Once upon a time, if you wanted a drink that was short, strong and solid, you didn’t reach for the cocktail shaker—those hadn’t been invented yet—but rather, for the punch ladle. Dating to at least the early 17th-century and likely originating in India or nearby trade routes, punch was, for centuries, the primary delivery vehicle for an array of distilled spirits, especially those made from sugar cane, such as the fledgling rum or the exotic Batavia arrack.

Then, punch was gone; mostly, anyway, supplanted by the stronger, faster, easier to prepare cocktail. In the early 1800s, punch was everywhere; by the close of that century, it was the stuff of special celebrations, but no longer the reliable, everyday tipple it once was.

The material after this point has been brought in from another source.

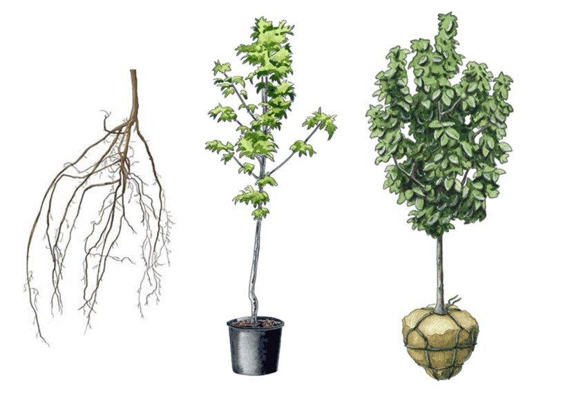 Las plantas en esta sección deben especificarse por la forma en que se comercializan: cultivo en contenedores, raíz desnuda o en macetas de campo (consulte la Sección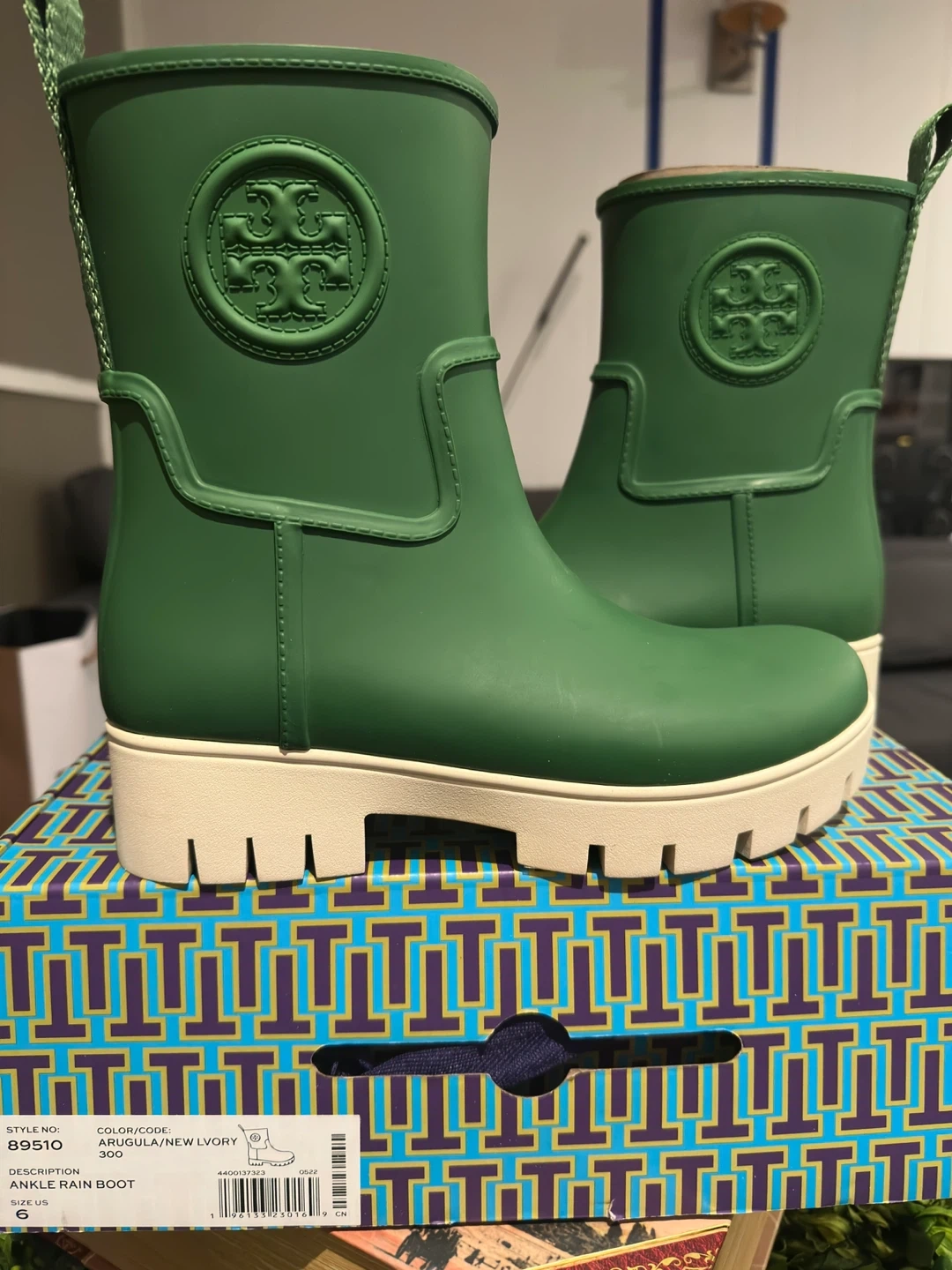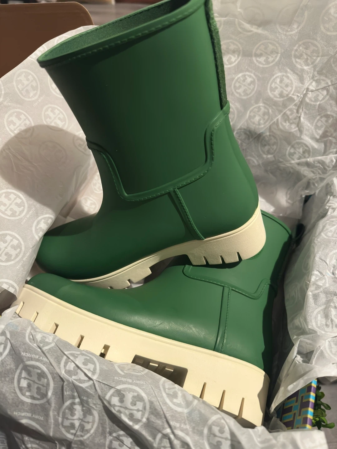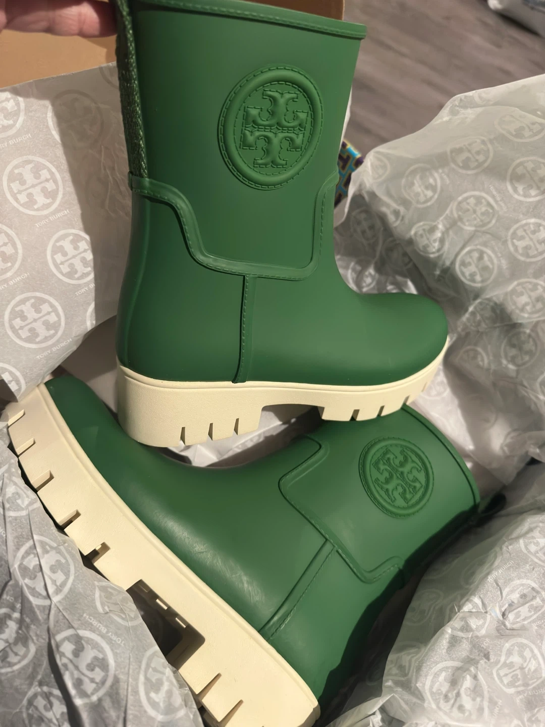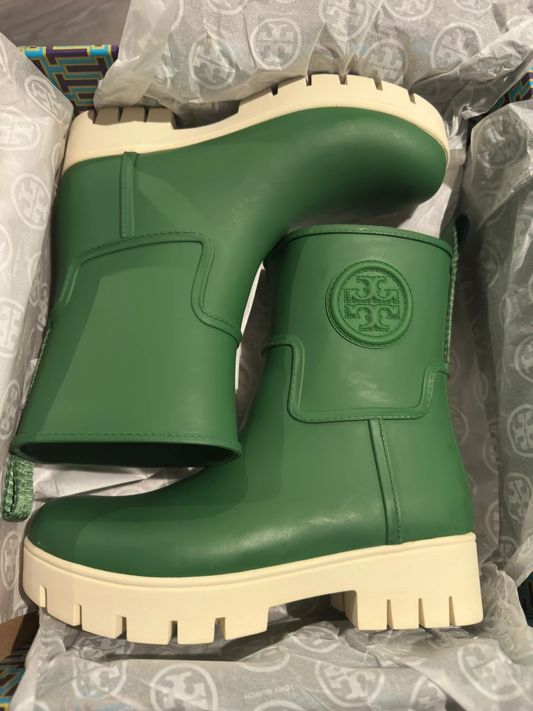 Tory Burch "Amelia" rain boots in a vibrant green colour. Rubber upper with a contrasting cream lug sole. These boots are water-resistant and perfect for wet weather.

Now, as the taste for classic cocktails continues to develop, punch seems to be returning. Chow recently noted the appearance of punch at mixology temples such as Death & Co. in New York, and at Jardiniere in San Francisco. Last week, organizers of the annual Tales of the Cocktail celebration announced that the official cocktail of the 2008 event would be the Punch and Judy, an original punch created by Hendricks gin brand champion Charlotte Voisey; and earlier this week, the food editor for the New Orleans Times Picayune featured several recipes for punches and punch ingredients presented by Chris Hannah, bartender at Arnaud’s French 75 bar.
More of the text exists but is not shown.